Color appearance and the end of Hering's Opponent-Colors Theory

Abstract

Hering's Opponent-Colors Theory has been central to understanding color appearance for 150 years. It aims to explain the phenomenology of colors with two linked propositions. First, a psychological hypothesis stipulates that any color is described necessarily and sufficiently by the extent to which it appears reddish-versus-greenish, bluish-versus-yellowish, and blackish-versus-whitish. Second, a physiological hypothesis stipulates that these perceptual mechanisms are encoded by three innate brain mechanisms. We review the evidence and conclude that neither side of the linking proposition is accurate: the theory is wrong. We sketch out an alternative, Utility-Based Coding, by which the known retinal cone-opponent mechanisms represent optimal encoding of spectral information given competing selective pressure to extract high-acuity spatial information; and phenomenological color categories represent an adaptive, efficient, output of the brain governed by behavioral demands.

Keywords: color perception; cones; linking hypothesis; neural networks; perceptual mechanisms.

Figure 1.. Opponent-Colors Theory.

Diagram by Ewald Hering illustrating Opponent-Colors Theory. According to Hering, “the six basic sensations of the visual substance are arranged in three pairs: Black and white, blue and yellow, green and red. Each of these three pairs corresponds to a distinct process of dissimilation and assimilation, such that the visual substance can undergo chemical or metabolic change in three different ways” ([2], §. 42.). In the top panel, “r” is red, “b” is blue, and the ratios indicate the combinations of these components in each color mixture of the bottom panel. So, purple has a ratio of blue to red (b:r) of 0.5:0.5. Hering’s theory boils down to two ideas (1) that the appearance of any color is necessarily and sufficiently described by the extent to which it is reddish-versus-greenish, bluish-versus-yellowish, and blackish-versus-whitish; and (2) that these appearance mechanisms are hardwired in the nervous system.

Figure 2.. Color encoding and neural representation.
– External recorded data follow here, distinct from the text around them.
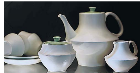
Van boven naar beneden: servies Athene en servies Blue Sky uit de collectie van Ellen, en Muizenissen uit de collectie van het museum.
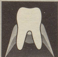
Gesundes Zahnfleisch gibt den Zähnen festen Halt.

Zahnfleischprobleme sind heute die Zahngefahr Nr. 1. Die meisten Zähne gehen infolge Zahnfleischproblemen verloren. So weit dürfen wir es nicht kommen lassen. Darum neoSelgin. Diese besondere Zahnpaste regeneriert und festigt das Zahnfleisch. Denn neoSelgin enthält hypertonisch wirkendes Meersalz – man spürt's!
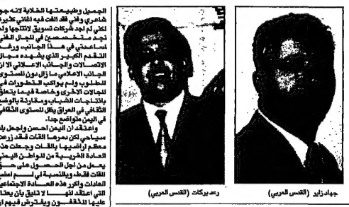
حاضر القاتح كيلوي
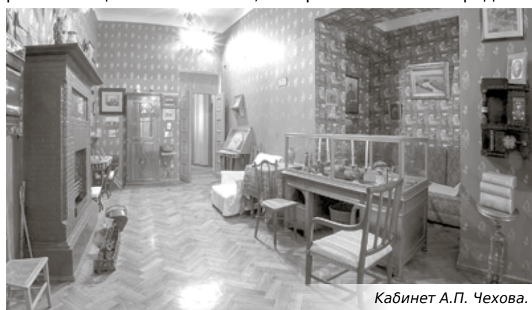
Кабинет А.П. Чехова.

Наши корреспонденты последовали этому совету и загадали желание вернуться на Белую дачу в будущем году. А пока с охапками чеховских цветов и приветов от ялтинских музейщиков отправились на родину писателя... И хотя путь домой был тернистым и долгим, нас окрыляли чеховские строки: «Если каждый человек на куске земли своей сделал бы все, что он может, как прекрасна была бы земля наша!».
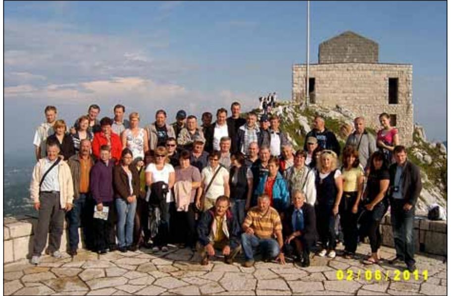
Še ena skupina na Lovčenu.

Strojni krožek Posestnik je tokrat svoj kompas obrnil proti Črni gori in jo
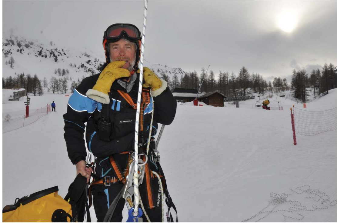
Jo en exercice évacuation TS, Montgenèvre
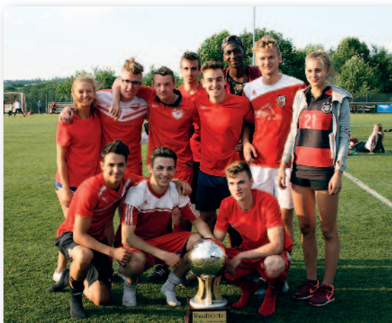
Dorfturniersieger SV Woddi Watford
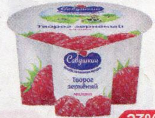
Творог САВУШКИН , зерненный Малина, 130 г
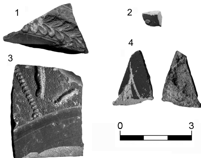
Obr. 2. Zlomky terry sigillaty ze středočeských lokalit.

Uložení: ARÚ Praha (výzkum Tišice 2007, sáček č. 356).
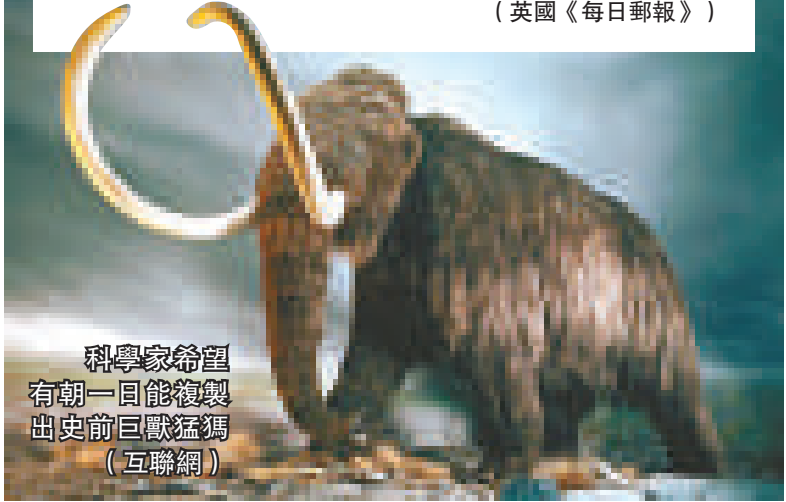
科學家希望有朝一日能複製出史前巨獸猛獁
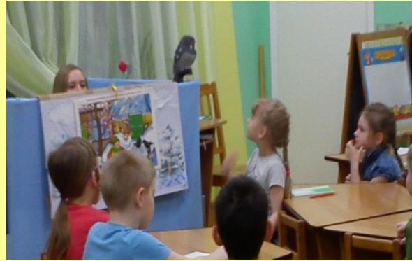
Разыгрывание диалогов по сказкам

(A). Color matching functions [28]. The y-axis shows the value of each of three primary lights (444nm, 526nm, 645nm) required to match each monochromatic test light on the x-axis. To match some test lights, the primary must be added to the test not to the other primaries, indicated by negative numbers. Color matching data provide evidence of the essential trichromacy of human color vision. (B) Distribution of unique hue settings for 51 observers projected onto a cone-opponent color space [33]. The axes isolate the two cone-opponent mechanisms of the retina; colors along the x-axis vary only in their L and M modulation; colors along the y-axis vary only in modulation of the S cone. (C). Lateral view of the macaque brain showing functional domains biased for colors and faces, identified with fMRI. The vertical line shows the plane of section of the V4 complex. The white ovals indicate four stages in inferior temporal cortex defined by functional and anatomical data (P, posterior; C, central; A, anterior; AM anterior-medial) [55,59]. The existence of color-biased domains in inferior temporal cortex implies that color depends on high-level perceptual and cognitive operations. (D). Geometry of the neural representation of color for neurons within the color-responsive subcompartments of the V4 Complex, calculated by multidimensional scaling [57]. Stimuli are plotted by the two-dimensional embedding determined by the responses of 300 cells.

Figure 3.. Lime, purple, orange and teal can be taken as unique hues

(A). Hue scaling in which participants rated the proportion of unique hues (top) or intermediate colors (bottom) for a complete set of colors; each panel shows predictions from Opponent-Colors Theory and the data, adapted from [63]. The data in the top panel are consistent with the theory and the classic hue-cancellation experiments; the data in the bottom panel violates the predictions because participants observed unique hues as composed of proportions of intermediate colors. (B) Distribution of color chips selected by English speakers (top) or mono-lingual Tsimane’ speakers (bottom) tasked with picking the color chip that is neither reddish nor greenish, adapted from [131]. The experiment focused on yellow, the most consistent unique hue in classic studies, and it used a paradigm that is thought to be effortless. Participants in both language groups first identified the best exemplars of their terms for red and blue/green. Answers are comparable across groups, showing that the Tsimane’ understand the task instructions. The results support the conclusion that the Tsimane’ do not have an innate sense of unique yellow.

Box 1 Figure.. Hering’s valence curves (left) and Hurvich and Jameson’s hue-cancelation curves (right).

The y-axis scaling is arbitrary. Both curves plot the amount of redness, greenness, blueness, and yellowness associated with each wavelength, and show the same pattern of results (note the location of the curve crossings; grün, green; rot, red; blau, blue; gelb, yellow). The valence curves were derived on introspection; the hue-cancelation curves were based on hue-cancelation experiments.